Federica Lippi (Roma, 1979) laureata in Storia del cinema con una tesi su Hayao Miyazaki, parallelamente all'università ha portato avanti lo studio della lingua giapponese. Lavora all'Istituto Giapponese di Cultura di Roma e traduce manga dal 2007 per le maggiori case editrici italiane. Ha collaborato con studi editoriali, associazioni e riviste di settore, e suoi contributi appaiono su saggi e siti dedicati al cinema e ai fumetti. È autrice della monografia Mitsuru Adachi - L'espressione del quotidiano (Iacobelli, 2011) sull'omonimo fumettista, e co-autrice di Keep calm e guarda un film (Newton Compton, 2015).
 
Daniele Petruccioli è nato e vive a Roma. Lavora come traduttore, scout  ed editor freelance. Tiene regolarmente laboratori di traduzione e insegna traduzione dal portoghese all’Università di Roma “Tor   Vergata”. Fra i suoi  autori:   Dulce   Maria   Cardoso,   Alain Mabanckou, Will Self, Luandino Vieira. Nel 2010 ha vinto il premio “Luciano Bianciardi” per la traduzione del romanzo Lettere di Mark Dunn (Voland 2008).
 
Ilaria Piperno è nata a Roma, dove vive.

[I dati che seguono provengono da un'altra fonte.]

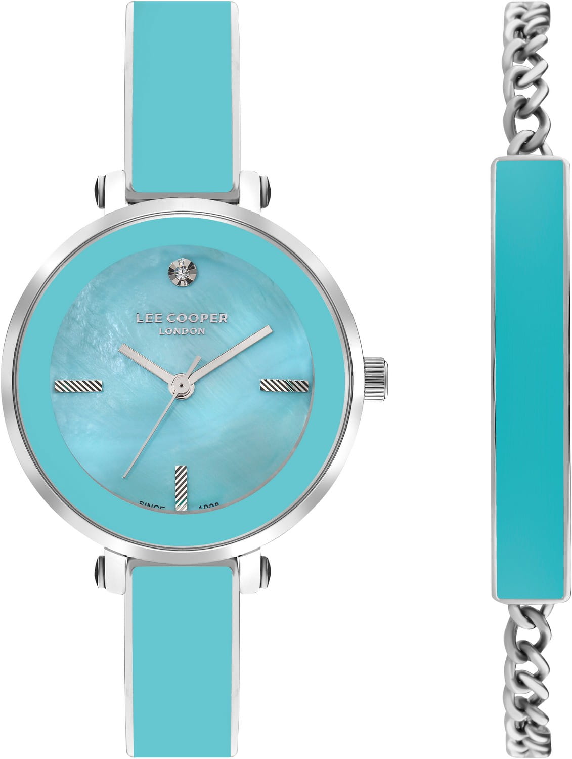 Женские часы Lee Cooper LC07813.390 выполнены в классическом стиле и сочетают строгий дизайн с надёжным механизмом. Модель оснащена кварцевым механизмом, обеспечивающим точность хода и минимальное обслуживание. Корпус круглой формы имеет размер 32 мм, изготовлен из суперметалла, гарантирует комфорт при ношении. Циферблат голубого цвета дополнен индексами для чёткого отсчёта времени. Защиту циферблата обеспечивает минеральное стеклоМинеральное стеклоМинеральное стекло представляет собой искусственно выращенный минерал кварца. Такое стекло отличается особой устойчивостью к повреждениям и царапинам. Уступает по некоторым качествам сапфировому стеклу., устойчивое к мелким механическим повреждениям. Изысканный стальной браслет с керамическими вставками на раскладной застёжкеРаскладная застёжкаТакой тип застёжки используется только на браслетах из металла. Она никогда не раскрывается полностью, происходит разделение на 2 и более частей. Раскладывающая застёжка снизит вероятность потери часов к минимуму. гарантирует комфортную посадку на запястье. Водозащита 3 АТМ позволяет использовать часы в повседневных условиях без риска повреждения от случайных брызг воды. В комплекте к часам идет дополнительный браслет в цвет часов. Это сочетание классического дизайна, прочности материалов и качества исполнения для уверенных в себе женщин.

Dal 2005 traduce narrativa e saggistica, collaborando con diversi editori anche come scout, lettrice e foreign rights manager. Ha tradotto, fra gli altri, I. Némirovsky (La sinfonia di Parigi e altri racconti, Elliot 2012), J.F. Gayraud (Divorati dalla mafia, Elliot 2010) e l’autobiografia di Jella Lepman (La strada di Jella. Prima fermata Monaco, Sinnos 2009), fondatrice di IBBY - The International Board on Books for Young People. Ha preso parte all’antologia Uccelli di fango (I Dragomanni 2012) a cura della Casa delle Traduzioni di Roma e collabora stabilmente con la Rassegna bibliografica novecentesca di «Studi francesi». Lost in translation di E. F. Sanders è la sua ultima traduzione.